Это доказывало возникшую между нами близость. Он не думал, что я могу подумать, будто он где-то украл эти сережки, или приму его за жулика, выпрашивающего милостыню, когда карманы у него набиты серебром и драгоценностями, но сквозь чистую радость единения с доверившимся мне человеком я ощутил тревожный укол в сердце, как при мысли о моей постыдной для поэта нормальности. Сам я в его положении не осмелился бы так поступить. Если мне давали деньги на продукты, я покупал продукты, дали бы на билет – купил бы билет. Туркевич с его липовой справкой, и тот был безумнее меня, иначе не поперся бы в президиум с маминым орденом.
Стрелок доел борщ, подтер тарелку огрызком хлебного мякиша и отправил его в рот. Я верил ему, хотя уже одно то, что представитель давно вымершего, как я полагал, племени сидит у меня на кухне, казалось сном, фантастикой. Гражданская война закончилась всего сорок лет назад, но в мои неполные восемнадцать я воспринимал ее как относящуюся ко временам почти мифическим. Человек оттуда был существом едва ли не призрачным, сродни тем фантомам, что ночами изводили Колю своими упреками и жалобами, а с рассветом исчезали бесследно. Хотелось получить от него нечто материальное, способное удостоверить его реальность, когда я позже начну в ней сомневаться. Так невеста вставшего из могилы мертвеца, который проводит с ней ночь и покидает ее с первым криком петуха, тайком выдергивает нитку из его савана, чтобы не думать потом, что это был сон. Летом я написал стихотворение с таким сюжетом и выдавал его за перевод английской баллады. Коля меня за него хвалил. Оно кончалось тем, что невеста повязывает эту нитку себе на запястье, а через какое-то время, забыв мертвого жениха и собираясь замуж за другого, хочет ее снять, но не тут-то было.

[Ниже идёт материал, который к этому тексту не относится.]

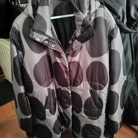 Marimekko naisten takki koossa XXL. Takki on vihma Kong jokeri. Takki on valmistettu pääosin puuvillasta ja siinä on sinivalkoinen, suurikuvioinen kuosi. Malli on väljä ja polvipituinen, edessä vetoketju. Hihansuissa on kuminauharesorit ja helmassa säätönyöri. Takissa on vuori. Sopii käytettäväksi ulkotakkina leudommilla säillä. Takkia käytetty 2 kertaa.

– Напишите что-нибудь по-латышски, – попросил я. – Можете?
– Могу, – кивнул стрелок.
– На память, – добавил я, испугавшись, что он истолкует это как проверку на вшивость.
Я принес чистый лист бумаги, авторучку, и он без нажима, как и положено призраку, длинными, тонкими, воздушными буквами вывел в верхней части листа:
Salve olis mesa nаgima.
Я спросил, что это значит.
Он указал пером на первое слово, затем – на третье:
– Солнце… Лес… Солнце идет вниз… опускается… спускается за лесом.
– Садится, – поправил я.
– Спускается, – не согласился он.
– Пусть так, – не стал я спорить. – А почему вы написали именно это?
– Вспомнил.
– Что вспомнили?
– Песню.
– Это из песни?
– Да.
– И о чем она?
На лице у него снова мелькнуло выражение тоскливой муки, но тут же пропало. Излагая мне содержание этой народной песни, он использовал, наверное, ненамного меньше слов, чем за все время нашего разговора, хотя смысл был прост: девушка, выданная замуж на чужбину, смотрит, как солнце спускается за лесом, и думает, что вот перед ней то же солнце и такой же лес, как на родном хуторе, а слезы почему-то льются у нее из глаз.
“О чем я плачу?” – спрашивает она.
Никто ей не отвечает, да она и не ждет ответа.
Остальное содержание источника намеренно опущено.